On January 13, in Taiwan (or Republic of China, ROC), presidential and parliamentary elections were held, with the international press closely following the event with great interest. As predicted beforehand, the ruling Democratic Progressive Party’s (DPP) current vice president and presidential candidate William Lai (Lai Ching-te), along with his running mate Hsiao Bi-khim won the presidential election. The DPP secured 40 percent of the votes, while the opposition Kuomintang (KMT) received 33.5 percent, and the third-party Taiwan People Party (TPP) obtained 26.5 percent. With a turnout of nearly 72 percent, over 14 million people cast their votes. This turnout is slightly lower than the 74.90 percent in 2020 but higher than the participation in the 2022 local elections.

The Presidential Office Building in Taipei (Photo: Wikimedia Commons)

The Presidential Office Building in Taipei (Photo: Wikimedia Commons)

The Taiwan Strait Situation: Much Ado About Nothing?
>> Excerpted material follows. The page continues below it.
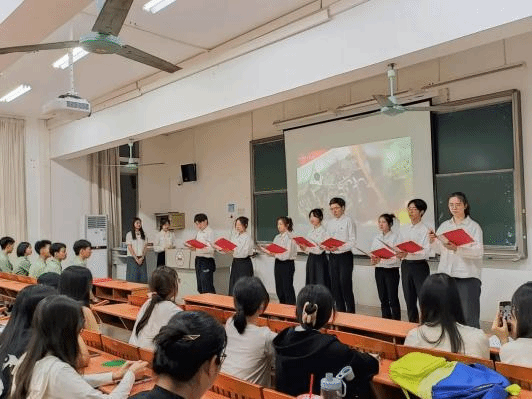 在此次具有特殊意义的活动中,支部邀请了张晨光、许嘉毅、林颖斌、许思倩、廖金勇五名退役同志。活动伊始,支部同志和23级同学们齐聚一堂,共同观看视频高校学子缅怀先烈版《那些花儿》。随着抒情的旋律缓缓响起,同志们了解了这些革命烈士的英勇事迹,他们为了保卫祖国、守护人民的幸福生活,不惜付出巨大的牺牲,用鲜血和生命谱写了一曲曲感天动地的英雄赞歌。先烈们用生命诠释了信仰与忠诚的深刻内涵,为大家树立了光辉的榜样。

The Taiwanese elections turned out to be quite predictable and even boring. This was mainly because, beforehand, the People’s Republic of China issued numerous threatening messages. Officials from Beijing had earlier characterized the event as a choice between war and peace, and this narrative also shaped the election campaign. In other words, the ruling Democratic Progressive Party (DPP), which has been emphasizing Taiwan’s independent identity for the past eight years, was labeled as a war provocateur by the Kuomintang (KMT), which leans towards better relations with China. The KMT, an opposition force, consistently portrayed their rivals as agents of the Chinese Communist Party.

However, the warlike atmosphere of the campaign had no noteworthy consequences. The People’s Liberation Army (PLA) did not conduct any significant military exercises in the waters surrounding Taiwan. While there were occasional military incursions, they occurred in the usual quantity and manner.

Taiwanese scholars argue that this is just the calm before the storm. Guo Yuren, director of the Institute of Asia-Pacific Studies at Sun Yat-sen University, reminded that this is just the beginning. According to him, China’s combined military, diplomatic, economic and trade attacks on Taiwan will become more and more serious. It is expected to slow down only well after the May 20, when William Lai takes office.

Guo thinks China wants to use this time very accurately to hurt Taiwan during the transition period.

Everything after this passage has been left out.